The Weil-Steinberg character of finite classical groups

TL;DR

This paper analyzes the product of Weil and Steinberg characters in finite classical groups, revealing multiplicity properties and applications to subgroup restrictions, with new insights into modular representations and indecomposable summands.

Contribution

It computes irreducible constituents of Weil and Steinberg character products in classical groups, showing multiplicity freeness in certain cases and exploring modular representation aspects.

Findings

Product is multiplicity free for symplectic and unitary groups

Product is not multiplicity free for general linear groups

Restriction of Steinberg character to stabilizer subgroup is multiplicity free

Abstract

We compute the irreducible constitutents of the product of the Weil character and the Steinberg character in those finite classical groups for which a Weil character is defined, namely the symplectic, unitary and general linear groups.
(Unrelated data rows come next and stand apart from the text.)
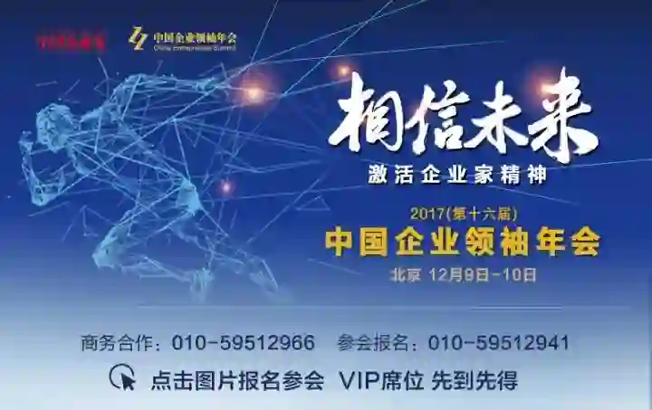 2017(第十六届)中国企业领袖年会将于12月9日至10日在北京举行,VIP席位有限,先到先得,点击图片即可报名。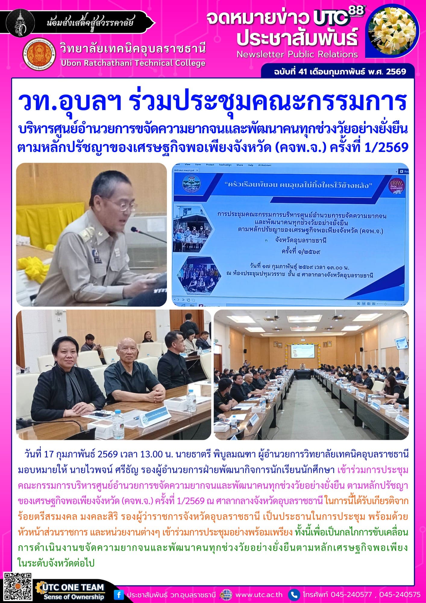 วันที่ 17 กุมภาพันธ์ 2569 เวลา 13.00 น. นายธาตรี พิบูลมณฑา ผู้อำนวยการวิทยาลัยเทคนิคอุบลราชธานี มอบหมายให้ นายไวพจน์ ศรีธัญ รองผู้อำนวยการฝ่ายพัฒนากิจการนักเรียนนักศึกษา เข้าร่วมการประชุมคณะกรรมการบริหารศูนย์อำนวยการขจัดความยากจนและพัฒนาคนทุกช่วงวัยอย่างยั่งยืน ตามหลักปรัชญาของเศรษฐกิจพอเพียงจังหวัด (คจพ.จ.) ครั้งที่ 1/2569 ณ ศาลากลางจังหวัดอุบลราชธานี ในการนี้ได้รับเกียรติจาก ร้อยตรีสรมงคล มงคละสิริ รองผู้ว่าราชการจังหวัดอุบลราชธานี เป็นประธานในการประชุม พร้อมด้วยมีหัวหน้าส่วนราชการ และหน่วยงานต่างๆ เข้าร่วมการประชุมอย่างพร้อมเพรียง ทั้งนี้เพื่อเป็นกลไกการขับเคลื่อนการดำเนินงานขจัดความยากจนและพัฒนาคนทุกช่วงวัยอย่างยั่งยืนตามหลักเศรษฐกิจพอเพียงในระดับจังหวัดต่อไป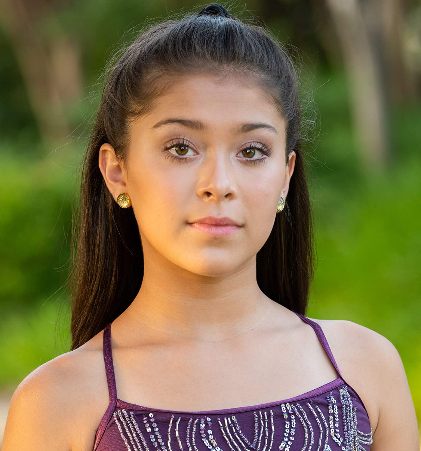 Gold-tone Glitter Glass Stud Earrings Hand-painted 12mm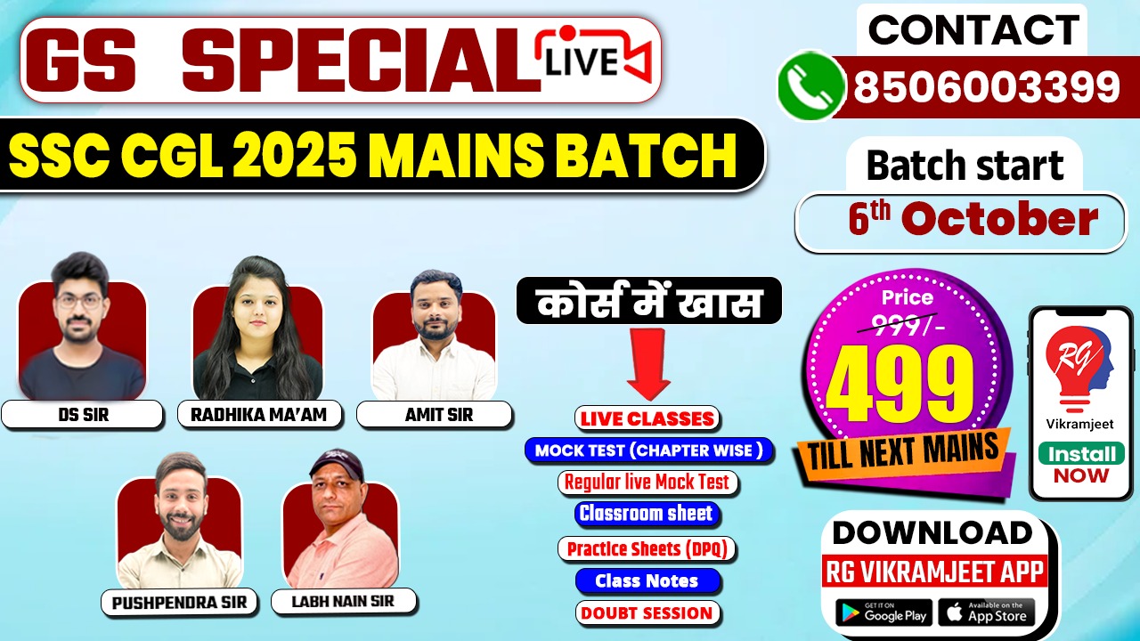 SSC CGL 2025 MAINS GK/GS batch BY Radhika mam ,DS Sir & GS team starting From 06 Oct 2025.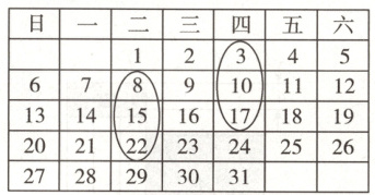 1. 在如图所示的日历中,任意圈出一竖列上相邻的 3 个数,这 3 个数之和不可能为(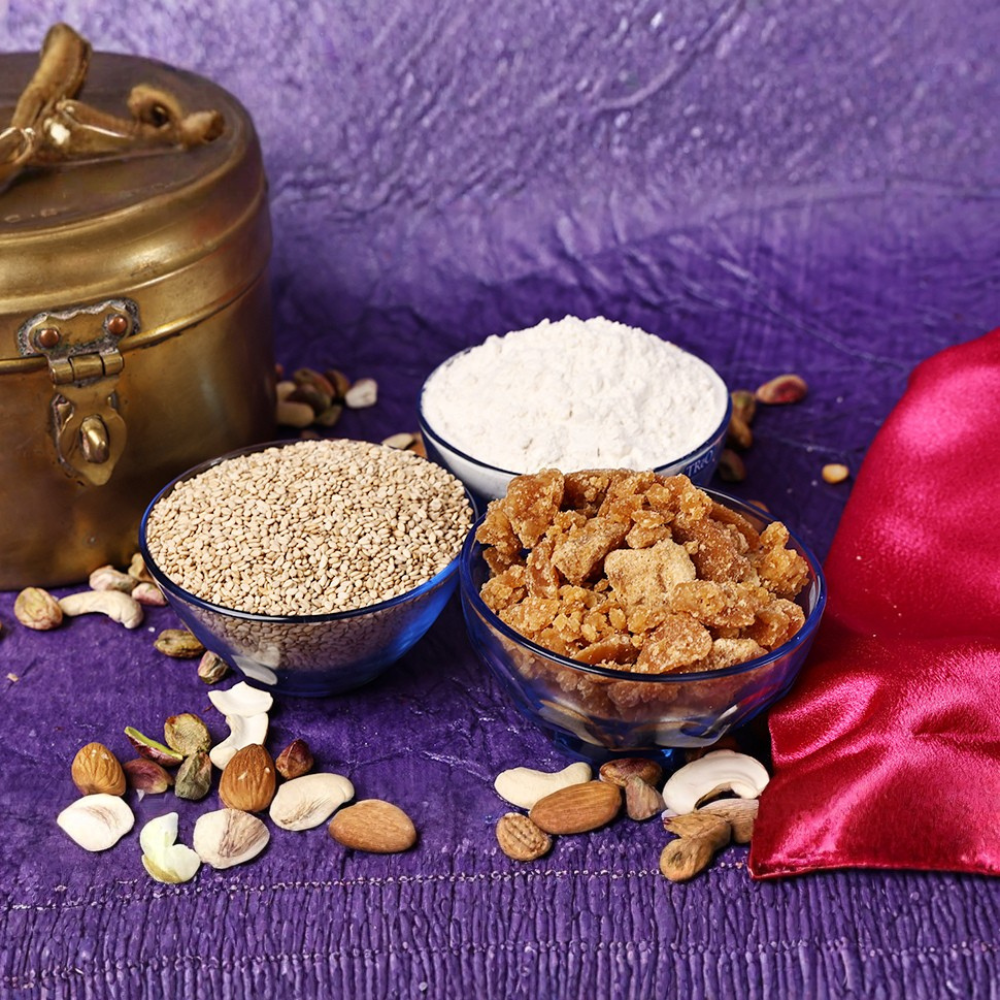 We use unpolished black sesame seeds. The husk (skin) contains the maximum flavor and calcium. In Nuvvula Podi, the slight bitterness of the skin balances the sweetness of the jaggery.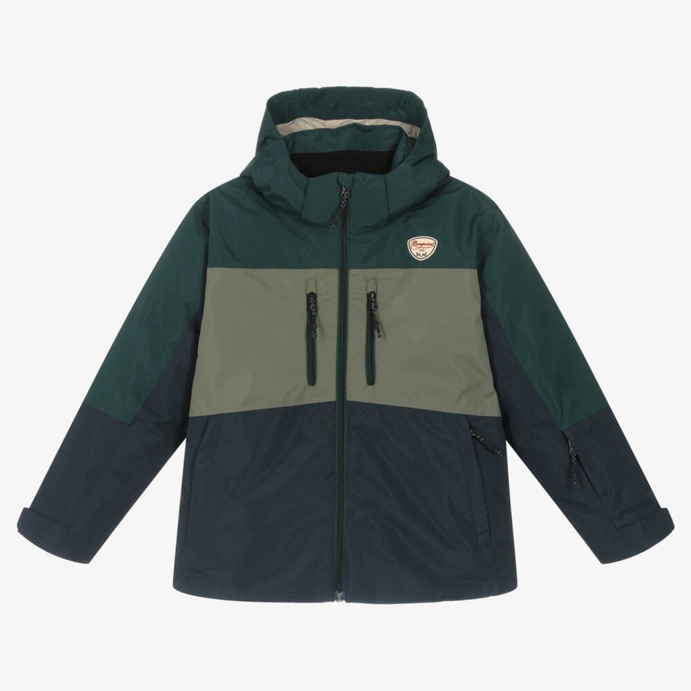 For designer appeal, this navy blue and green hooded puffer jacket for teen boys from Bonpoint, has the brand's logo patch on the chest. Warmly padded with luxurious down, it has internal stretchy cuffs with thumb holes and velcro adjusting cuffs. There is a popper-fastening inner snow skirt and an adjustable toggle hem, with a high fleece-lined collar for extra protection against the cold. The popper fastening hood can be removed for alternative styling. Zipped pockets on the front, an internal zipped and mesh pocket, as well as a useful pass pocket on one sleeve, complete the cool look.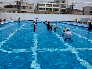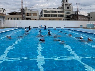 1・2年生のプールの様子です。矢田北小学校のプールカードを使い、何級まで合格できるかをテストしました。水中で歩いたり、クラゲ浮きをしたり、けのびをしたりしました。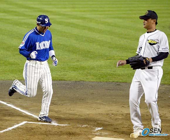 18일 잠실구장에서 벌어진 두산 베어스와 삼성 라이온즈의 한국시리즈 3차전 삼성의 2회초 2사 1,3루서 두산 선발 투수 박명환의 폭투 때 3루주자 박진만이 홈을 밟고 있다. 삼성은 볼넷으로 진루한 박진만이 2사 1,2루에서 3루를 훔친 뒤 폭투로 안타 하나 없이 가볍게 1점을 선취했다./잠실=손용호 기자spjj@osen.co.kr [Copyright ⓒ OSEN(www.osen.co.kr) 무단전재 및 재배포 금지]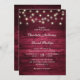 Burgundy Rustic Wood String Ljus Bröllop Inbjudningar

It turns out that this product is multiplicity free for the symplectic and general unitary groups, but not for the general linear groups. As an application we show that the restriction of the Steinberg character of such a group to the subgroup stabilizing a vector in the natural module is multiplicity free. The proof of this result for the unitary groups uses an observation of Brunat, published as an appendix to our paper. As our "Weil character" for the symplectic groups in even characteristic we use the 2-modular Brauer character of the generalized spinor representation. Its product with the Steinberg character is the Brauer character of a projective module. We also determine its indecomposable direct summands.